A semi-norm on $\ell_p$ spaces and its relation to the usual norm Let $1\leq p <\infty,$ $A$ be an infinite set, and  $\theta=\{\theta_a: \ell_p(A) \to \Bbb R| a\in A\}$ be a family of bounded linear functional which satisfies $\sum_{a\in A}|\theta_a(f)|^p<\infty$ for all $f\in \ell_p(A).$
Define $\|f\|_{\theta}:= \big(\sum_{a\in A}|\theta_a(f)|^p\big)^{1\over p}.$
My question is about the relation between the two values $\|f\|_{\theta}$ and $\|f\|.$
It is clear that $\|\cdot\|_{\theta}$ is a semi-norm on $\ell_p(A).$ Also, $\|f\| \leq M \|f\|_{\theta}$  not necessarily holds; (for example, we can consider all $\theta_i$ s equal to zero). Now, is there some $M\geq 0$ such that  $\|f\|_{\theta} \leq M \|f\|$ holds for all $f\in\ell_p(A)?$
 A: Define a linear operator $T:\ell^p(A)\to\ell^p(A)$ by $f\mapsto T(f)$, where
$$T(f)(a):=\theta_a(f)\text{ for all }a\in A.$$
If we show that $T$ is bounded, then we are done, since then we would have $\|T(f)\|\leq\|T\|\cdot\|f\|$ for all $f\in\ell^p(A)$ and it is clear that
$$\|T(f)\|=\bigg(\sum_{a\in A}|T(f)(a)|^p\bigg)^{1/p}=\bigg(\sum_{a\in A}|\theta_a(f)|^p\bigg)^{1/p}=\|f\|_\theta.$$
Note that the operator does indeed take values in $\ell^p(A)$, since by assumption we have $\|f\|_\theta<\infty$ for all $f\in\ell^p(A)$, i.e. $\|T(f)\|_{\ell^p(A)}<\infty$, i.e. $T(f)\in\ell^p(A)$.

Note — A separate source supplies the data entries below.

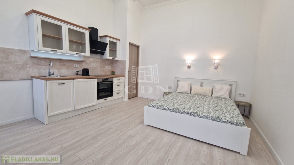 28 nm alapterület: közlekedő, WC, kamra, amerikai konxhás nappali szoba, fürdőszoba
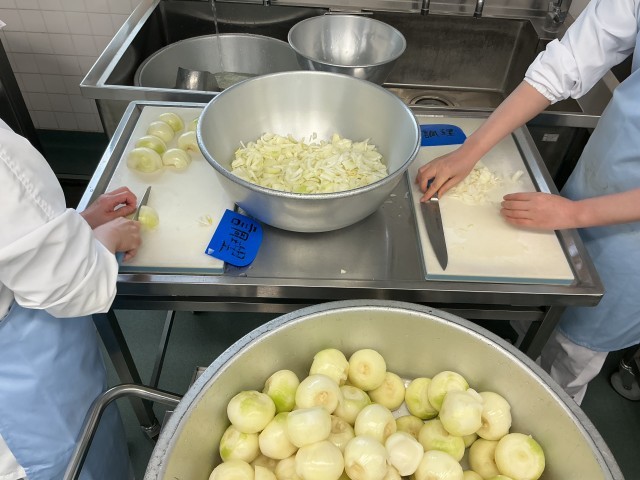 今日のコーンシチューの玉ねぎ、にんじん、じゃがいもは有機栽培で育てられたものを使っています。また、今日のいちごジャムは給食室で作りました。ミキサーにかけてなめらかにしたいちごを砂糖と煮込み、レモン汁を加えて作ります。とろみ付けに少しコーンスターチを入れて仕上げました。
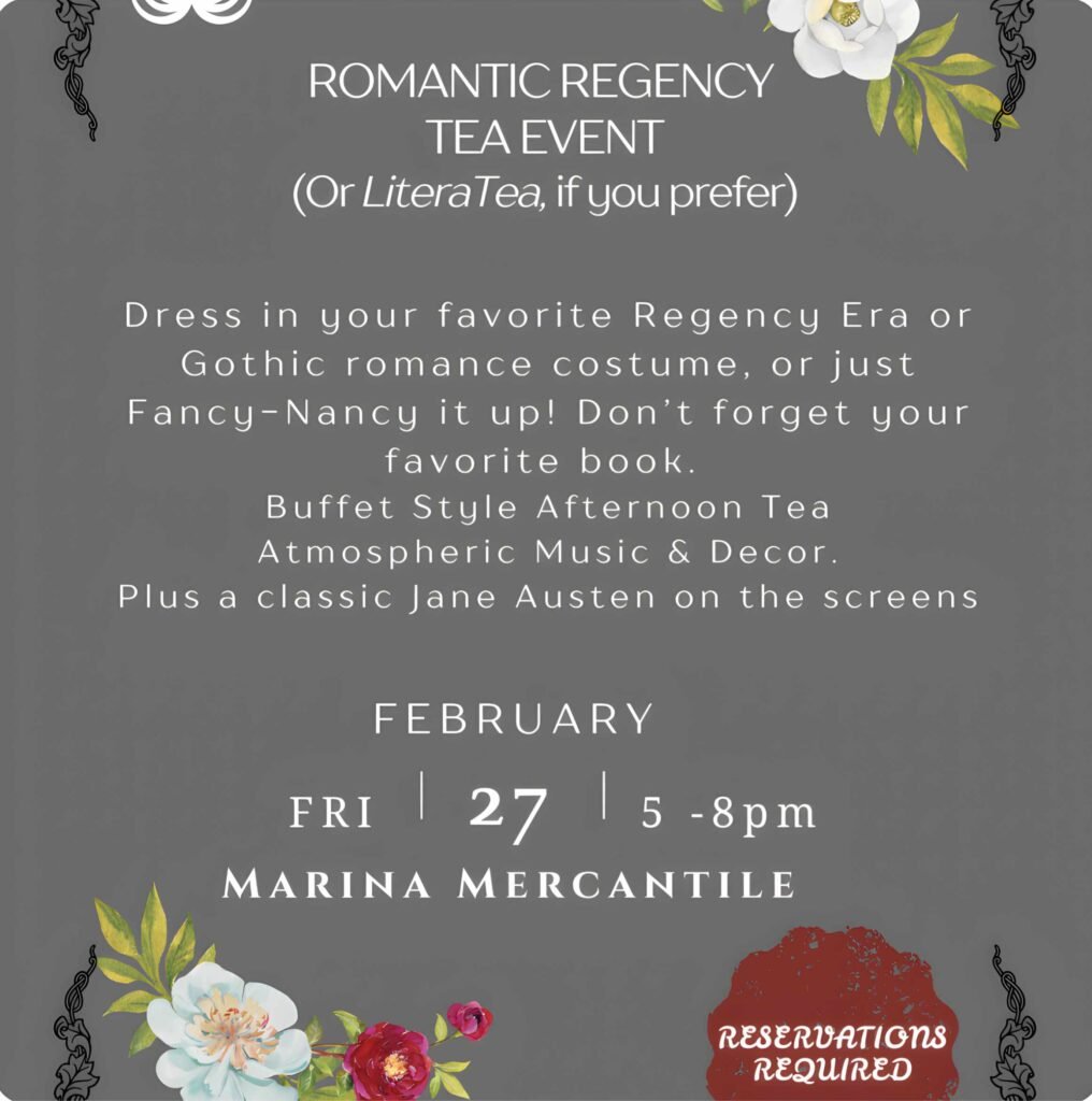 And for those who want an evening Tea Event – complete with a chance to dress up – there’s a special “Romantic Regency Tea Event” on Friday, Feb, 27 from 5-8 p.m. That one will feature buffet-style Afternoon Tea Treats, themed music and décor, and classic Jane Austen adaptations playing on the screens. Costumes most definitely encouraged!
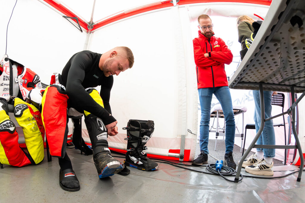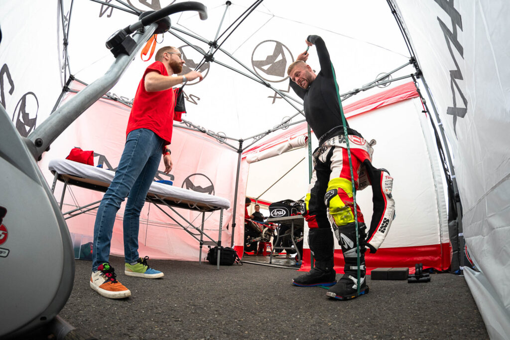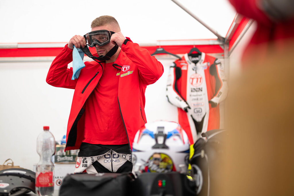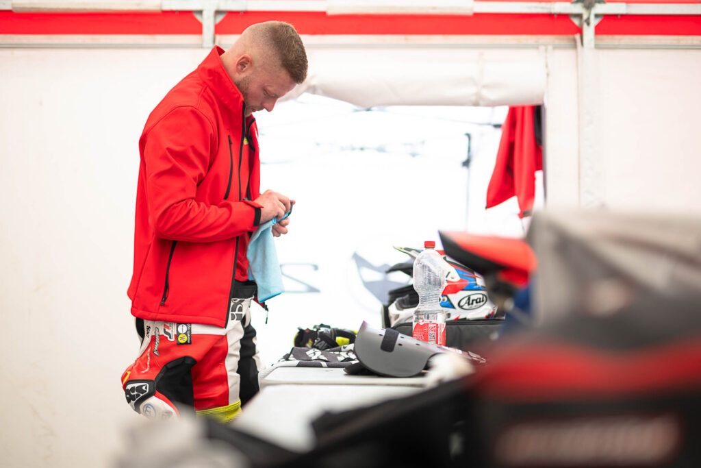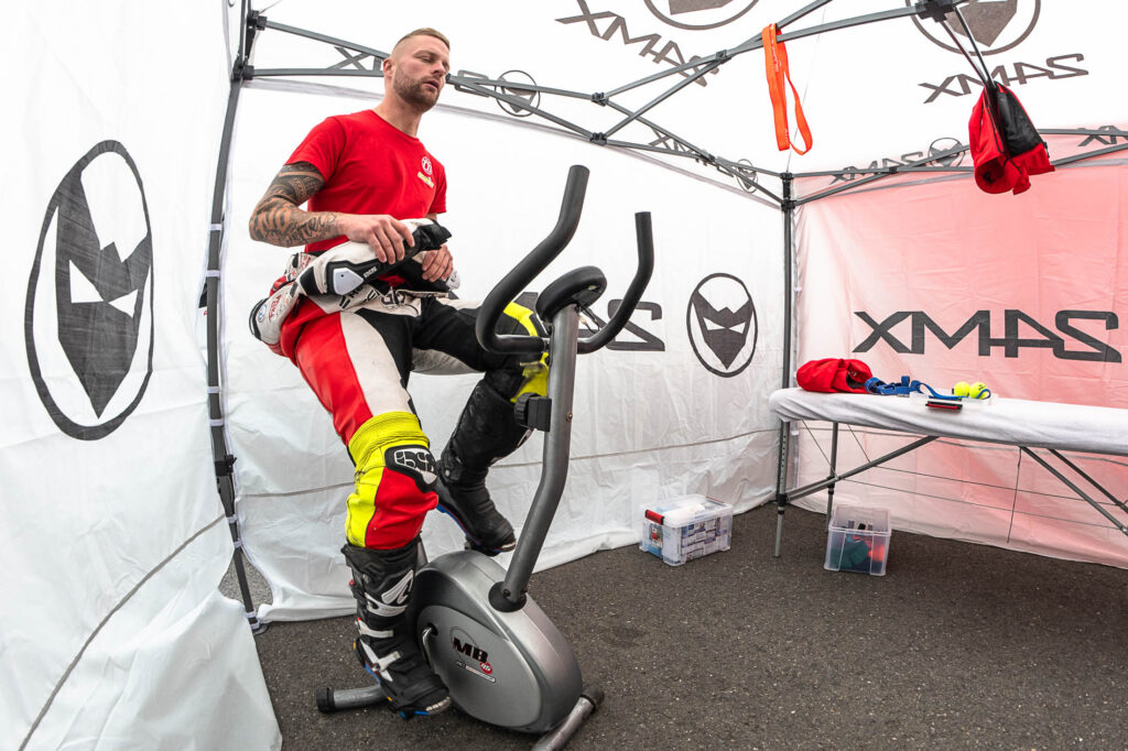 Le circuit se réveille au rythme des moteurs – le Superbiker commence à battre. Dans le paddock, les mécanos peaufinent les machines. Pour Marc-Reiner Schmidt, c’est le moment de se centrer : séances de préparation physique, mise en route du corps, premiers tours de roue sur le circuit de Mettet. Ces photos saisissent la précision et le calme d’un champion avant la tempête. Chaque geste compte, chaque détail prépare la victoire. L’atmosphère est électrique, mais la concentration reste totale.
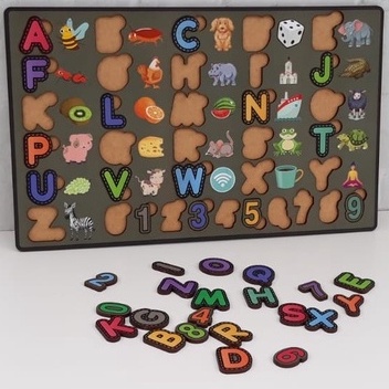 Alfabeto e Números em MDF Colorido - Brinquedo Pedagógico Infantil Aprenda Brincando
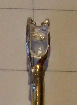 berühren (etwa 2mm Abstand). Die Lötstelle wird befeilt bis es ordentlich aussieht. Nun wird durch das Rohr von oben ein isolierter Draht gezogen (geschoben). Der Draht sollte am Ende schon abisoliert und verzinnt sein. Hat der Draht die richtige Position erreicht, wird er mit dem (plus)-Bein (Anode) der LED verlötet. !Er darf keine Verbindung zum Mast haben! Das Bild zeigt den Bearbeitungsstand. |
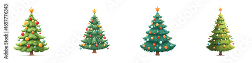 christmas tree, christmas, tree, ornament, decoration, holiday, season, festive, winter, new year, fir, pine, green, star, ball, light, decorated, isolated, white background, illustration, cartoon, cute, traditional, celebration, happy, merry, jolly, spruce, set, collection, 4, style, art, design, graphic, element, template
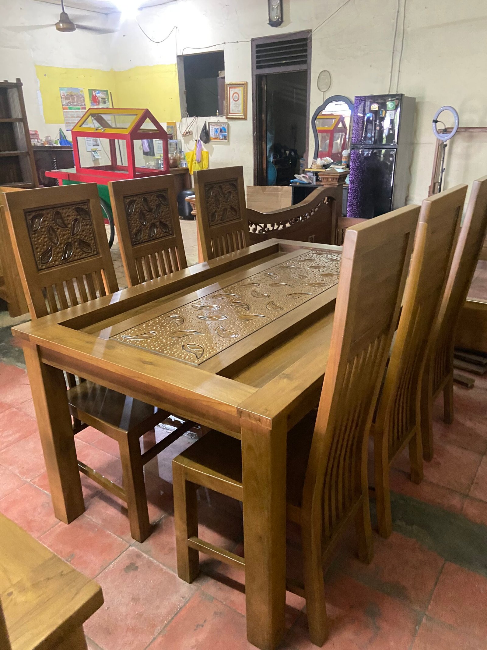 Hadirkan suasana makan yang elegan dan berkelas dengan Set Meja Makan Ukir Daun Jatuh. Set ini terdiri dari 1 meja makan dan 6 kursi, dengan detail ukiran motif Daun Jatuh yang memberikan kesan klasik dan artistik pada ruang makan Anda.
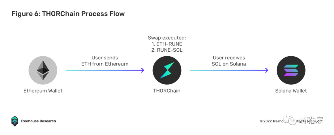 DEX 链在多条链上引入流动性池,并带有中介代币,以方便交换。示例包括 THORChain 和 SifChain。与网桥不同,全链 DEX 不包装资产。相反,他们将原始资产与中间代币交换,然后再将它们交换为目标代币。当然,这些交易是由流动性提供者实现的。例如,在 THORChain 上,当用户希望将 Mainnet 上的 ETH 兑换为 Solana 上的 SOL 时,用户将首先将其 ETH 发送到 THORChain 锁定智能合约。然后 THORChain 将执行从 ETH 到 THOR 的交换,然后是 THOR 到 SOL。随后,将向 Solana 流动性池智能合约发送消息,然后将 SOL 释放到用户的 Solana 地址。THORChain通过锁定和铸币机制消除了创建包装资产的需要,该协议在使用户能够在区块链之间无缝交换本地资产方面提供了真正的效用。这种简单的UI/UX方法将是推动大规模采用的关键卖点,并将用户从中心化的替代品中拉过来。与 CEX 相比,全链 DEX 不需要 KYC。流动性是统一的,因为所有链都使用相同的“原生代币”流动性池进行交易。用户不依赖于 DEX 的预言机或安全假设,因为脱钩风险由流动性提供者承担。全链 DEX 也具有可扩展性,因为任何人都可以为任何货币对增加流动性。然而,THORChain 的中间链设计带来了一些关键风险和细微差别。由于 THORChain 网络由债券证明网络保护,节点运营商承诺 RUNE 债券来承销 DEX 流动性池中的资产,随着流动性池中 TVL 的增长,节点运营商需要承担越来越多的风险。由Incentive Pendulum自然激励,节点运营商必须将 RUNE 与汇集的资本结合起来,才能在最佳状态下运行。这意味着在 THORChain 网络上建立一个完整的节点变得越来越需要更多的资金。目前,该网络有 95 个活跃节点,TVL 超过 2.6 亿美元,全节点平均债券为 838,499 RUNE,或按市场价格计算为 1,468,839.90 美元。在 95 个活跃节点中,保税资本最低的节点约为 528,000 RUNE 或 929,000 美元。结果,资本相对较低的小型节点运营商无法参与保护网络,从而导致控制权集中到资本预算较大的节点运营商。不经意间,这引出了一个问题,即具有类似设计的 THORChain 或全链 DEX 是否真的像宣传的那样去中心化。除此之外,Thorchain 的大部分(如果不是全部)全节点都托管在中心化的云计算服务上。在 95 个节点中,有87 个节点托管在 Google、AWS 和 Digitalocean 等主要云服务上,其中 AWS 以 38% 的份额占据最大份额。从理论上讲,这对网络构成重大风险,因为云计算服务可能面临网络中断甚至受到监管。虽然这种互操作性设计引入了许多新颖的方法,通过出色的 UI/UX 将区块链相互连接起来,巧妙地设计了代币经济学和安全机制,同时保留了其无需信任的设计,但协议的复杂性导致它受到许多攻击和安全漏洞的影响。THORChain 协议在过去一年中被利用了 3 次,将超过 1200 万美元的汇集流动性损失给了不良行为者。与任何新的创新一样,成长的痛苦是不可避免的。此后,THORChain 团队更加关注协议安全性,并引入了新的改进以增加流动性和整体网络去中心化。网络的网络

To show that $T$ is bounded, we use the closed graph theorem: Let $(f_n)\subset\ell^p(A)$ be a sequence with $\|f_n\|_{\ell^p(A)}\to0$ and assume that $T(f_n)\to g$ in $\ell^p(A)$. If we show $g=0$, we are done. Fix $a\in A$. We have
$$|g(a)|\leq|g(a)-T(f_n)(a)|+|T(f_n)(a)|=\big(|g(a)-T(f_n)(a)|^p\big)^{1/p}+|\theta_a(f_n)|\leq$$
$$\leq\bigg(\sum_{b\in A}|g(b)-T(f_n)(b)|^p\bigg)^{1/p}+|\theta_a(f_n)|=\|g-T(f_n)\|_{\ell^p(A)}+|\theta_a(f_n)|\to0,$$
since by assumption $T(f_n)\to g$ in $\ell^p(A)$ and $f_n\to0$ and $\theta_a$ is continuous, hence $\theta_a(f_n)\to0$. As $a\in A$ was arbitrary, this shows $g=0$. By the closed graph theorem, we have that $T$ is bounded.
Comment: There were comments that this is immediate by the uniform boundedness principle. Even though the closed graph theorem is very closely related to the UBP, I don't see what the right application of the UBP is to make this an immediate consequence. I do agree though, that the above is pretty much just the standard application of the closed graph theorem.